My comments below at >>>>>>>> 

Allan Hayes schrieb:
> 
> Johannes,
> 
> Re your first question.
> 
> We get
> 
> x[1] b[1] + x[2] b[2] /.
>   Plus[Times[x[_],  b[_]] ..] -> z
> 
>     b[1] x[1] + b[2] x[2]
> 
> possibly because, before the matching and replacement, the left side of the
> rule is evaluated thus:
> 
> Plus[Times[x[_],  b[_]] ..]
> 
>         b[_] x[_] ..
> 
> So we end up with
> 
> x[1] b[1] + x[2] b[2] /.              (*1*)
>   (x[_]  b[_]) .. -> z
> 
>         b[1] x[1] + b[2] x[2]
> 
> We can avoid this by using HoldPattern:
> 
> x[1] b[1] + x[2] b[2] /.
>   HoldPattern[Plus[Times[x[_],  b[_]] ..]] -> z
> 
>         z
> 
> However it does seem odd that, in spite of (*1*), we get
> 
> x * b[1] + x* b[2] /.
>   (x* b[_]) .. -> z
> 
>         2 z
> 
> --
> Allan
> ---------------------
> Allan Hayes
> Mathematica Training and Consulting
> Leicester UK
> www.haystack.demon.co.uk
> hay at haystack.demon.co.uk
> Voice: +44 (0)116 271 4198
> Fax: +44 (0)870 164 0565
> 

>>>>>>>>

Dear Allan,

as so often you come up with the right questions.
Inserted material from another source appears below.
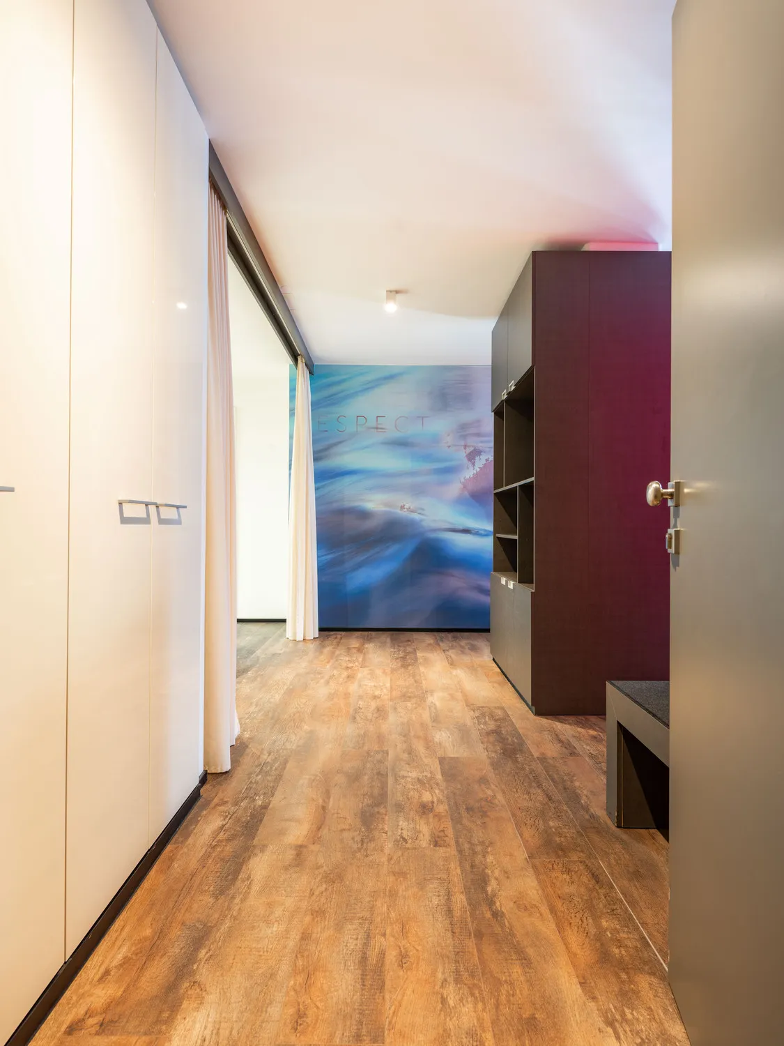 Die Wellness-Suite bietet auf 45 m² Komfort und Entspannung und richtet sich an Gäste, die das Besondere suchen. Ein besonderes Highlight ist das große Wasserbett, das ein einzigartiges, sanftes und tiefenentspannendes Schlaferlebnis ermöglicht. Die Suite verfügt über ein separates Schlafzimmer sowie einen komfortablen Wohnbereich mit einer Sitzgarnitur, die bei Bedarf in ein zusätzliches Bett umgewandelt werden kann.

You observed (example
simplified)

In[35]:= h[x, x] /. x .. -> z     (*2*)
Out[35]= h[z, z]

whereas (*1*) doesn't substitute. Before coming back to that, why isn't Out[35]
== h[z]? 

Time to go back to the Book. Although I didn't find it stated, and although we
wouldn't get an error message, all examples given in the book indicate that the
use of Repeated in (*1*) and (*2*) isn't legal. Since Repeat[...] is equivalent
to a Sequence the matched object must be enclosed in a head anyways, so 

In[38]:= h[x, x] /. head_[x ..] -> head[z]
Out[38]= h[z]

works right, as well as does

In[26]:= h[x[1] b[1], x[2] b[2]] /. head_[x[_] b[_] ..] -> head[z]
Out[26]= h[z]

(And of course the HoldPattern version suggested by you and Andrzej corresponds
to this syntax.)

However this doesn't yet solve the problem as to replace only for equal indices. 

In[47]:= x[1] b[1] + x[2] b[2] /. HoldPattern[Plus[Times[x[n_], b[n_]] ..]] -> z
Out[47]= z + b[2] x[2]

gives only one substitution. I would have liked to restrict the scope of the
pattern variable n_ only to Times[x[n_], b[n_]] and not to the whole sequence,
but I found no way to do that. David Park, and similarily Wagner Truppel,
proposed

In[80]:= Plus[x[1] b[1], x[1]b[2], x[2] b[1], x[2] b[2]] /. b[n_]x[n_] -> z /. 
  n_Integer z -> z
Out[80]= z + b[2] x[1] + b[1] x[2]

using iterated replacement (which is fine!). But let's try to do that within one
stroke. Since it is easy to simply remove all elements x[n_] b[n_]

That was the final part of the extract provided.